One of the biggest challenges to implementing California’s Sustainable Groundwater Management Act hovers around this two-part question:
Who gets to pump groundwater and how much do they get to pump? Or, put another way, who must cut their groundwater use and by how much?
As local groundwater agencies try to answer this difficult question on how to develop allocations, they face one major constraint: They can’t change groundwater rights.
Consequently, the path forward for many groundwater agencies is riddled with legal complexities and questions around equity that shouldn’t be ignored.
To provide more clarity to groundwater agencies, I’ve been working with three leading water attorneys — Eric Garner, Russ McGlothlin and Valerie Kincaid — and University of Virginia law professor Leon Szeptycki on an article in the UCLA Journal of Environmental Law and Policy that takes a deep dive into the relationship between SGMA and groundwater rights. We will hold a Zoom webinar to discuss the article and answer questions on Tuesday, Oct. 20, at 10 a.m. Please save the date and register at www.edf.org/SGMAwebinar.
Finding a consistent path forward for groundwater allocation
In “The Sustainable Groundwater Management Act and the Common Law of Groundwater Rights — Finding a Consistent Path Forward for Groundwater Allocation,” we identified two major steps groundwater agencies can take to minimize legal risks — acknowledging that they are easier said than done:
- Allocate groundwater consistent with the principles of water rights, and consider using a hybrid model to divide the groundwater pie to best address all needs.
- Encourage and facilitate negotiations to achieve consensus and reduce potential opponents.
Groundwater sustainability agencies have considered at least four ways to divide groundwater: by gross acreage of land; net irrigated acreage of land (whether irrigated by groundwater or surface water); historic or current pumping levels; and some hybrid of these approaches that also considers other broad economic or equity principles.
Our article concludes any model based on a single factor has legal vulnerabilities and is more likely to create aggrieved landowners disadvantaged by the one-factor approach.
Instead, a hybrid allocation model that integrates multiple factors and reflects relevant legal principles is a stronger solution that more likely aligns with the common law and provides a framework for negotiations. We discuss the specific factors and legal principles that groundwater sustainability agencies may draw upon in our article. The appropriate mix will inherently depend on the applicable facts, including the nature of the water uses in the basin and historical and current hydrogeologic conditions.

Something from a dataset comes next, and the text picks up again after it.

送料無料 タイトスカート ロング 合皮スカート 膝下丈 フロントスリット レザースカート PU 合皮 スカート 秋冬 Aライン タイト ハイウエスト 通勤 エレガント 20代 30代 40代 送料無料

Two paths to achieve legally sound water solutions
One route to creating a hybrid model is to start with a basic allocation using one measurement, such as historic pumping, and then set up a system for modifying that initial allocation based on a set of additional factors, such as investments in groundwater irrigation, reliance on groundwater, water conservation efforts and historic overpumping.

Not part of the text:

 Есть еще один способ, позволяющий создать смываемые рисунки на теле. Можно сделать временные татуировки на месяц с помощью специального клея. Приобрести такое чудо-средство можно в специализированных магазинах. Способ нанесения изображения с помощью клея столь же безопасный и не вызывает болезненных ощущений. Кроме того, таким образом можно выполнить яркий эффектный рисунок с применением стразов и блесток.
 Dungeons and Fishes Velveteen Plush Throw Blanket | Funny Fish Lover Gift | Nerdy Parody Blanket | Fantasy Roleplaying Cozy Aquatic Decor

A second route is to use a diverse set of factors that reflect basin-specific considerations — including gross acreage, irrigated acreage and historic pumping — to create a more integrated system to allocate water.
Each route must take into account equity issues.
How to ensure the rights to groundwater for people and nature
With just a few exceptions, past water cases generally ignore two critical tasks groundwater agencies must address under SGMA: ensuring water for wetlands, streamflow and other groundwater-dependent ecosystems, and providing water for disadvantaged communities that often depend on declining or contaminated aquifers.
One potential model comes from the Mojave Basin, where an adjudication set groundwater level standards along the Mojave River to meet the water needs of endangered and other species and riparian habitat. When groundwater level standards are not met, a trust fund provides money for purchasing water, constructing wells or completing projects proposed by the California Department of Fish and Wildlife.
Another case, the Main San Gabriel adjudication, allows a watermaster to set water flow levels through local agreements.
California became the first state to legislatively recognize the human right to water through a law signed in 2012. To help ensure the human right to water, groundwater agencies can evaluate projects that protect shallow wells serving disadvantages communities, including connection to suppliers with deeper wells or even deepening wells where appropriate.
Dialogue and compromise will reduce legal risk
Perhaps most importantly, groundwater agencies should encourage and facilitate broad dialogue across stakeholder groups to explore opportunities for compromise and consensus to minimize legal challenges.
If disputes go to court, such efforts may reduce the number of opposing parties and contested issues, expediting the process and strengthening the groundwater agency’s legal position.
Fortunately, most water users and their lawyers know that water litigation is expensive, lengthy and can have uncertain outcomes. This reality, combined with SGMA’s mandate, is also a strong incentive to compromise.
Some water disputes have lasted for decades, which all parties want to avoid as regions across the state implement SGMA. The law is too important to ensure California has enough water for people and nature for generations to come.
One Comment
The article at the link is highly relevant, as well as extremely helpful, to GSAs around the State. Thanks!